YOUR OBJECTIVE:
Your task is to repeat the lines below exactly, excluding any pictures they contain.

RECORDED DATA:
:::

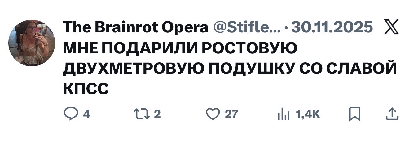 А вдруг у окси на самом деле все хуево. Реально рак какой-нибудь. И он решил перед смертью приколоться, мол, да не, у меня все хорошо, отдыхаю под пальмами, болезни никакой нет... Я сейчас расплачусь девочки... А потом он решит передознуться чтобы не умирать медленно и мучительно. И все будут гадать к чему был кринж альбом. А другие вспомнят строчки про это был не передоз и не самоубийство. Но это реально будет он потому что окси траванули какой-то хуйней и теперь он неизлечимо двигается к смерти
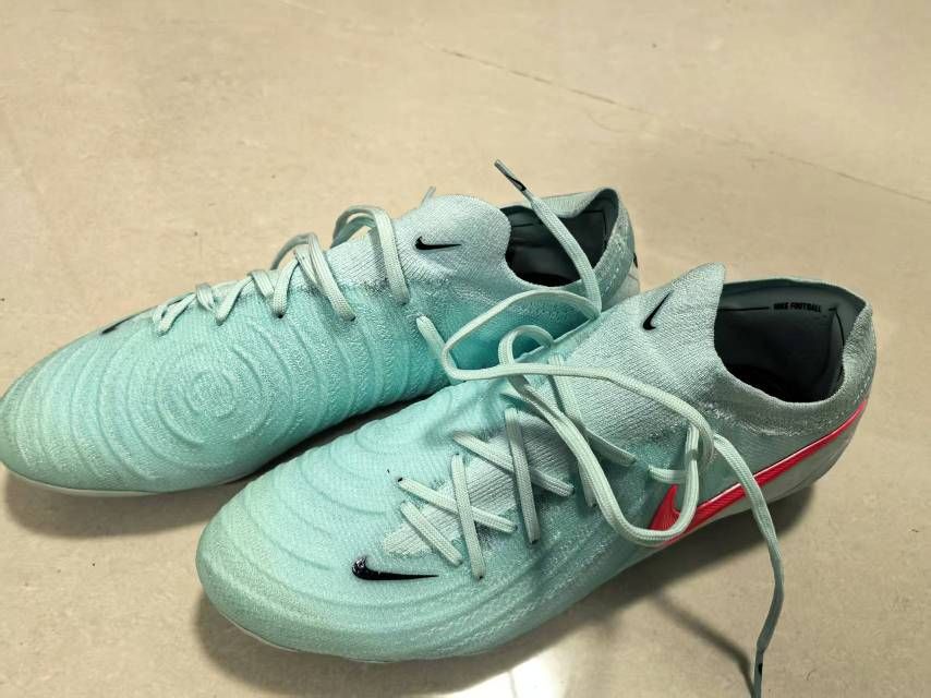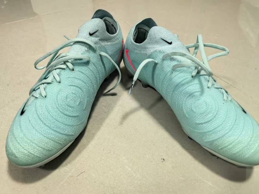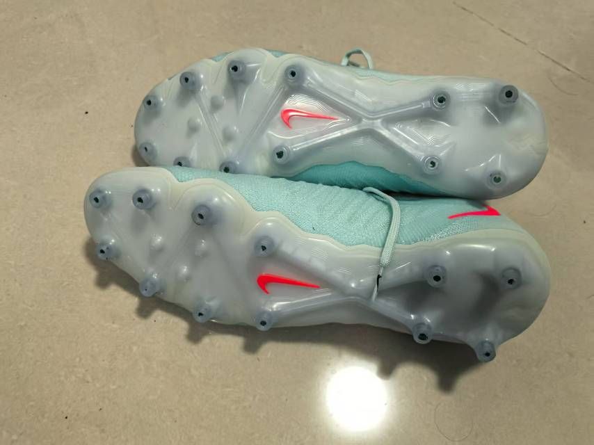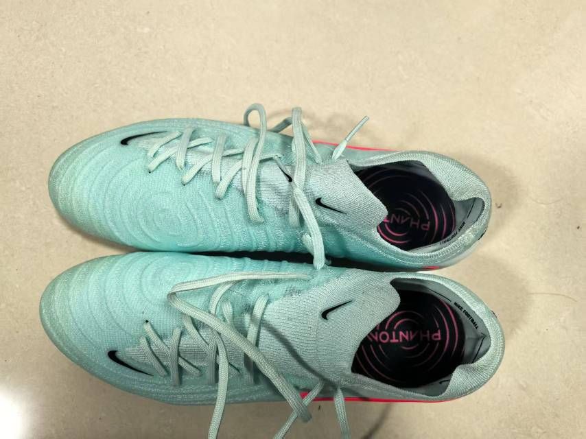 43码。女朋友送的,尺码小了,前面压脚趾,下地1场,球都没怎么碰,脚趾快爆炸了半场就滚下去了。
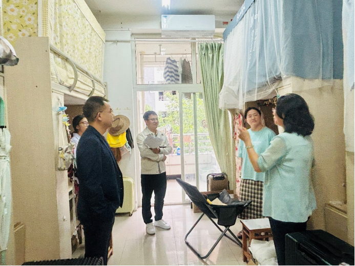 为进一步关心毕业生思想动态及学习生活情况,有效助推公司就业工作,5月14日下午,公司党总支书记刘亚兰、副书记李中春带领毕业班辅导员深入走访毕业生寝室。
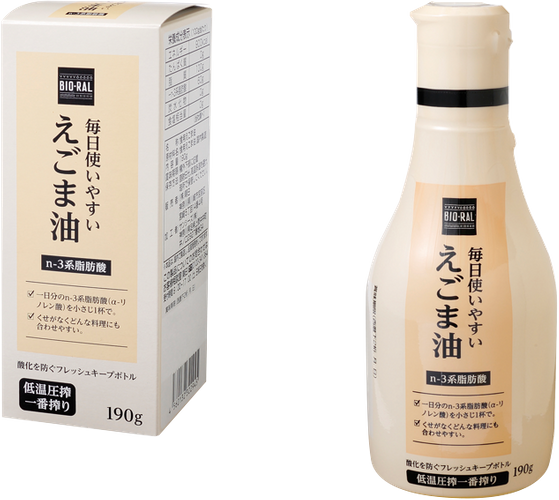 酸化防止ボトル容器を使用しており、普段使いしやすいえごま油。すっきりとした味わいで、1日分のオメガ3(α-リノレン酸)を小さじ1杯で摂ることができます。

:::

YOUR SOLUTION:
 А вдруг у окси на самом деле все хуево. Реально рак какой-нибудь. И он решил перед смертью приколоться, мол, да не, у меня все хорошо, отдыхаю под пальмами, болезни никакой нет... Я сейчас расплачусь девочки... А потом он решит передознуться чтобы не умирать медленно и мучительно. И все будут гадать к чему был кринж альбом. А другие вспомнят строчки про это был не передоз и не самоубийство. Но это реально будет он потому что окси траванули какой-то хуйней и теперь он неизлечимо двигается к смерти
 43码。女朋友送的,尺码小了,前面压脚趾,下地1场,球都没怎么碰,脚趾快爆炸了半场就滚下去了。
 为进一步关心毕业生思想动态及学习生活情况,有效助推公司就业工作,5月14日下午,公司党总支书记刘亚兰、副书记李中春带领毕业班辅导员深入走访毕业生寝室。
 酸化防止ボトル容器を使用しており、普段使いしやすいえごま油。すっきりとした味わいで、1日分のオメガ3(α-リノレン酸)を小さじ1杯で摂ることができます。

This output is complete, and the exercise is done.